PyData Global 2022

Real-world Perspectives to Avoid the Worst Mistakes using Machine Learning in Science
12-02, 13:00–15:00 (UTC), Workshop/Tutorial I

Numerous scientific disciplines have noticed a reproducibility crisis of published results. While this important topic was being addressed, the danger of non-reproducible and unsustainable research artefacts using machine learning in science arose. The brunt of this has been avoided by better education of reviewers who nowadays have the skills to spot insufficient validation practices. However, there is more potential to further ease the review process, improve collaboration and make results and models available to fellow scientists. This workshop will teach practical lessons that can be directly applied to elevate the quality of ML applications in science by scientists.

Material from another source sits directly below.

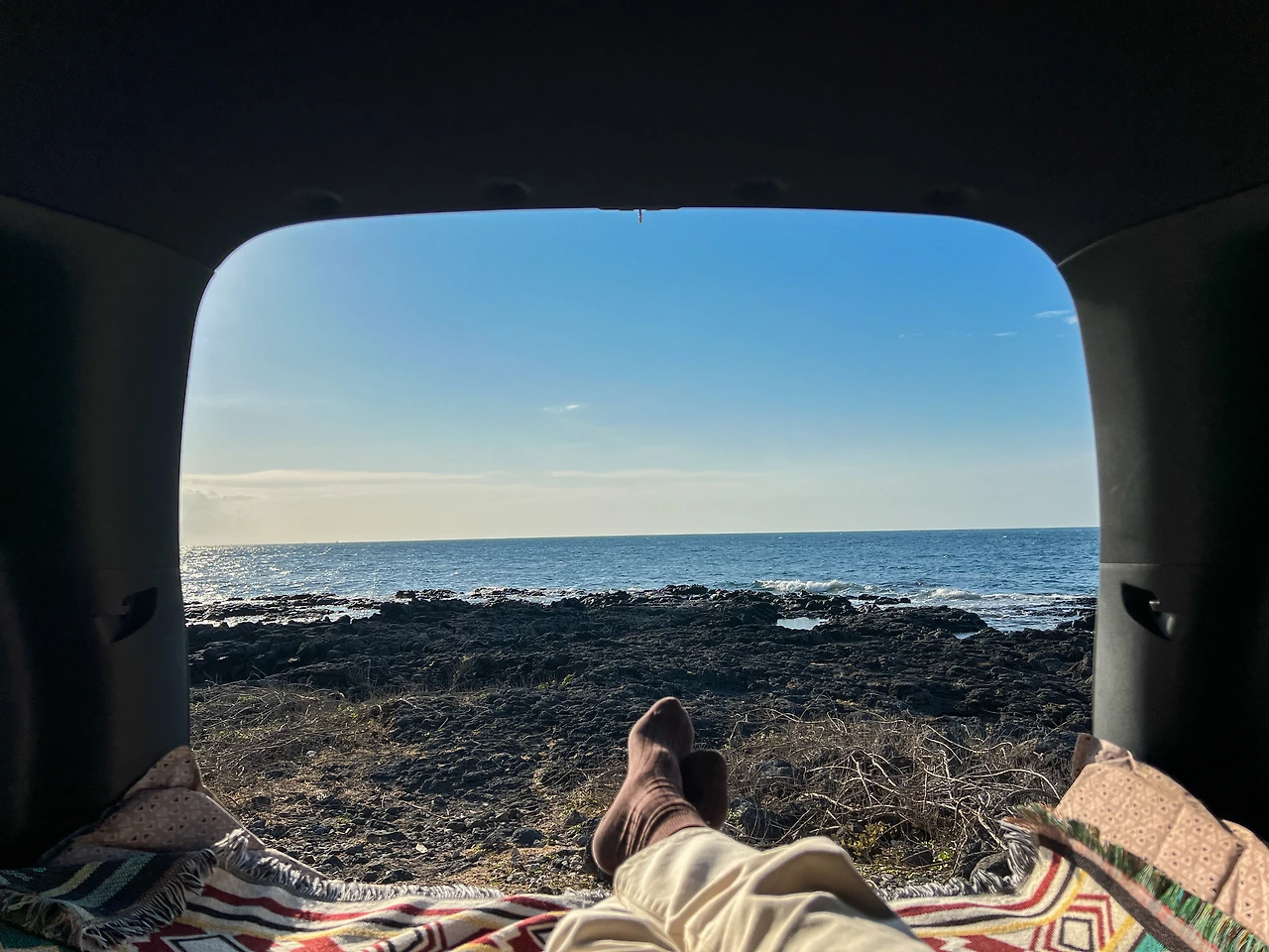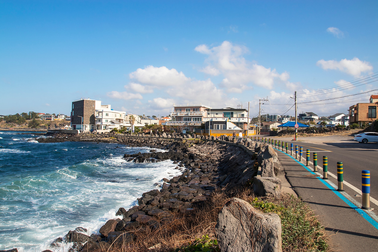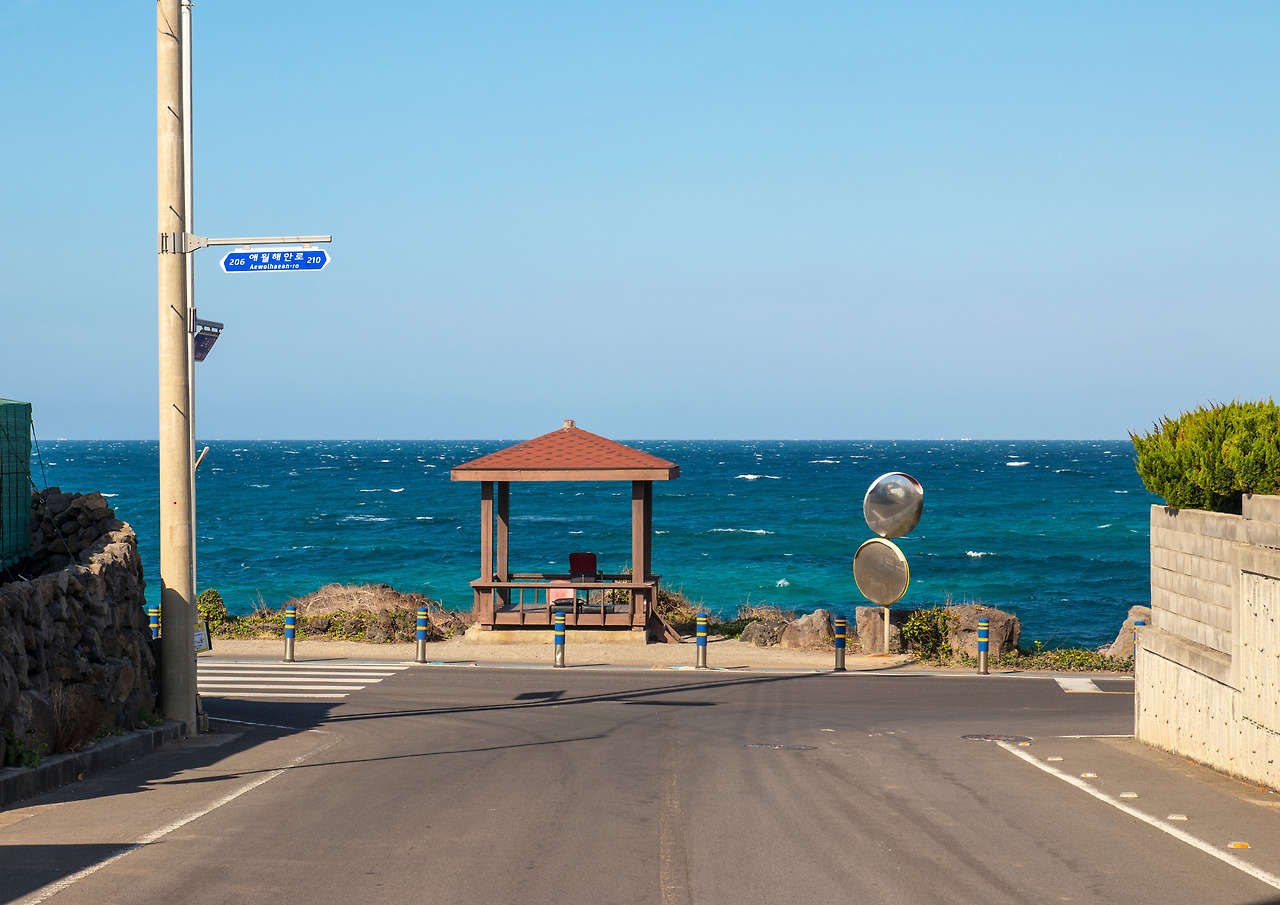 목적지에 대한 고민은 도로표지판에 적힌 '해안도로'가 해결해 주었다. 방황을 하더라도 일단 제주 바다를 보며 하자는 생각에 그대로 우회전을 했는데 순간 동네 골목길 사이로 드러난 제주바다와 네모정자의 모습이 진부하지만 액자 속 그림 같았다. 도저히 그냥 지나칠 수 없어 잠시 길가에 차를 대고 액자 속 그림을 카메라라는 액자에 다시 한번 담았다. 지나가는 길이 목적지가 되는 순간. 굳이 어디를 가려고 애쓰지 않아도 될 것 같았다. 지금처럼 가다 서다 가다 서다, 그러다가 오래 머물고 싶은 곳이 있으면 트렁크 열고 뒷좌석 눕히고 벌러덩 누우면 되니까. 이런 게 찐 차크닉이지.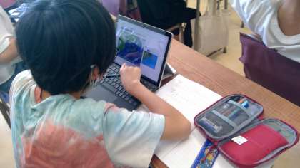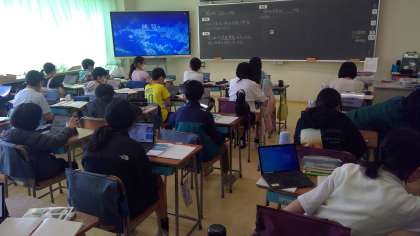 理科「天気の変化」のまとめとして、みんなで明日の天気を予想しました。一人一人が気象予報士になったつもりで、過去や現在の雲の画像やアメダスなどの気象情報を集め、自分なりの根拠をもって予想しました。

It seems like we avoided the worst signs of the reproducibility crisis in science when applying machine learning in science. Thanks to better education for reviewers, easier access to tools, and a better understanding of zero-knowledge models.

However, there is much more potential for ML in science. The real world comes with many pitfalls that make the application of machine learning very promising, but the verification of scientific results is complex. Nevertheless, many open-source contributors in the field have worked hard to develop practices and resources to ease this process.

We discuss pitfalls and solutions in model evaluation, where the choice of appropriate metrics and adequate splits of the data is important. We discuss benchmarks, testing, and machine learning reproducibility, where we go into detail on pipelines. Pipelines are a great showcase to avoid the main reproducibility pitfalls, as well as, a tool to bridge the gap between ML experts and domain scientists. Interaction with domain scientists, involving existing knowledge, and communication are a constant undercurrent in producing trustworthy, validated, and reliable machine learning solutions.

Overall, this workshop relies on existing high-quality resources like the Turing Way, more applied tutorials like Jesper Dramsch’s Euroscipy tutorial on ML reproducibility, and professional tools like the Ersilia Hub. Where we utilize real-world examples from different scientific disciplines, e.g. weather and biomedicine.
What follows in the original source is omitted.